Exercise material section start

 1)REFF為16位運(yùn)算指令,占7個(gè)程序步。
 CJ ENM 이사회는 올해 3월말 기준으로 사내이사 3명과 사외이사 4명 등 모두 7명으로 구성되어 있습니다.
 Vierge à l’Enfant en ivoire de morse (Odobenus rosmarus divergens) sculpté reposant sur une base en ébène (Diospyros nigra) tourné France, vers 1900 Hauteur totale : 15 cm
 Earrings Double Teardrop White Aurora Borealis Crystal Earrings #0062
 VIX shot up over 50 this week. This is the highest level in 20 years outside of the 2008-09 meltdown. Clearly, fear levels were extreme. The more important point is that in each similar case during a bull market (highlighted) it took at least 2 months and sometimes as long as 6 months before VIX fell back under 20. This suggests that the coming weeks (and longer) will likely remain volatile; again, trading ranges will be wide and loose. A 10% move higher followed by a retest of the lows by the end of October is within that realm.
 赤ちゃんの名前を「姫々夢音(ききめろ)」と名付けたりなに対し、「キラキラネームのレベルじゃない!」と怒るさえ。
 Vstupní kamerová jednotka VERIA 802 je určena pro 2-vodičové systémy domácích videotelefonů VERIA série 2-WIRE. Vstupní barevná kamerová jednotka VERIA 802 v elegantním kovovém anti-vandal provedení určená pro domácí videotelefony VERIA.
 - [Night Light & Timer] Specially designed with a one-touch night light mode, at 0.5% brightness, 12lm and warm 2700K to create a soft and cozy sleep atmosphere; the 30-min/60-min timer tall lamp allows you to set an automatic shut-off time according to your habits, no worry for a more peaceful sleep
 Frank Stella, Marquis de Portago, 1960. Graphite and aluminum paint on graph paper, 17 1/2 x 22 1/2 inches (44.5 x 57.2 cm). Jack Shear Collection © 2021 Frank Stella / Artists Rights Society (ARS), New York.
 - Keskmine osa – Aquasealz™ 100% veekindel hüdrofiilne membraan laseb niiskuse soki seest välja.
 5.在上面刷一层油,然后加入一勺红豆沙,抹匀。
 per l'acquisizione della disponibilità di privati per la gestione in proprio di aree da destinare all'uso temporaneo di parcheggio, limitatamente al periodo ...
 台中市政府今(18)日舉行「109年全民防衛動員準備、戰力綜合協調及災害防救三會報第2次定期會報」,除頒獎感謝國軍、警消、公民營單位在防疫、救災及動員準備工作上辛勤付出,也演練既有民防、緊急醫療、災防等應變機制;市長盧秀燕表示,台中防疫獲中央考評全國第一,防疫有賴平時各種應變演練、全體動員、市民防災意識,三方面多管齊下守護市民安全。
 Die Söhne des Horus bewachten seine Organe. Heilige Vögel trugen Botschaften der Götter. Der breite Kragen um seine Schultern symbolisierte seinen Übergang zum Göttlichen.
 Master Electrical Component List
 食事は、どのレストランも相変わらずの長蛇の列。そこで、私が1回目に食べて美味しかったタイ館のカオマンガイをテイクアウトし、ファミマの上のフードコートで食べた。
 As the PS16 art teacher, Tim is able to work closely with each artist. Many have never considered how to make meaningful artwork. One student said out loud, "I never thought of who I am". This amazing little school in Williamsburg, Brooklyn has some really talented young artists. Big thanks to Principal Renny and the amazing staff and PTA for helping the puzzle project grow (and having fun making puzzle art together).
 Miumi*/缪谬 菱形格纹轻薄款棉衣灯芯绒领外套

Exercise material section end

» **Requirement**
Each line from the one with "Frank Stella, Marquis" to the end of the material should be duplicated exactly, and no other line.

» **Written answer**
 Frank Stella, Marquis de Portago, 1960. Graphite and aluminum paint on graph paper, 17 1/2 x 22 1/2 inches (44.5 x 57.2 cm). Jack Shear Collection © 2021 Frank Stella / Artists Rights Society (ARS), New York.
 - Keskmine osa – Aquasealz™ 100% veekindel hüdrofiilne membraan laseb niiskuse soki seest välja.
 5.在上面刷一层油,然后加入一勺红豆沙,抹匀。
 per l'acquisizione della disponibilità di privati per la gestione in proprio di aree da destinare all'uso temporaneo di parcheggio, limitatamente al periodo ...
 台中市政府今(18)日舉行「109年全民防衛動員準備、戰力綜合協調及災害防救三會報第2次定期會報」,除頒獎感謝國軍、警消、公民營單位在防疫、救災及動員準備工作上辛勤付出,也演練既有民防、緊急醫療、災防等應變機制;市長盧秀燕表示,台中防疫獲中央考評全國第一,防疫有賴平時各種應變演練、全體動員、市民防災意識,三方面多管齊下守護市民安全。
 Die Söhne des Horus bewachten seine Organe. Heilige Vögel trugen Botschaften der Götter. Der breite Kragen um seine Schultern symbolisierte seinen Übergang zum Göttlichen.
 Master Electrical Component List
 食事は、どのレストランも相変わらずの長蛇の列。そこで、私が1回目に食べて美味しかったタイ館のカオマンガイをテイクアウトし、ファミマの上のフードコートで食べた。
 As the PS16 art teacher, Tim is able to work closely with each artist. Many have never considered how to make meaningful artwork. One student said out loud, "I never thought of who I am". This amazing little school in Williamsburg, Brooklyn has some really talented young artists. Big thanks to Principal Renny and the amazing staff and PTA for helping the puzzle project grow (and having fun making puzzle art together).
 Miumi*/缪谬 菱形格纹轻薄款棉衣灯芯绒领外套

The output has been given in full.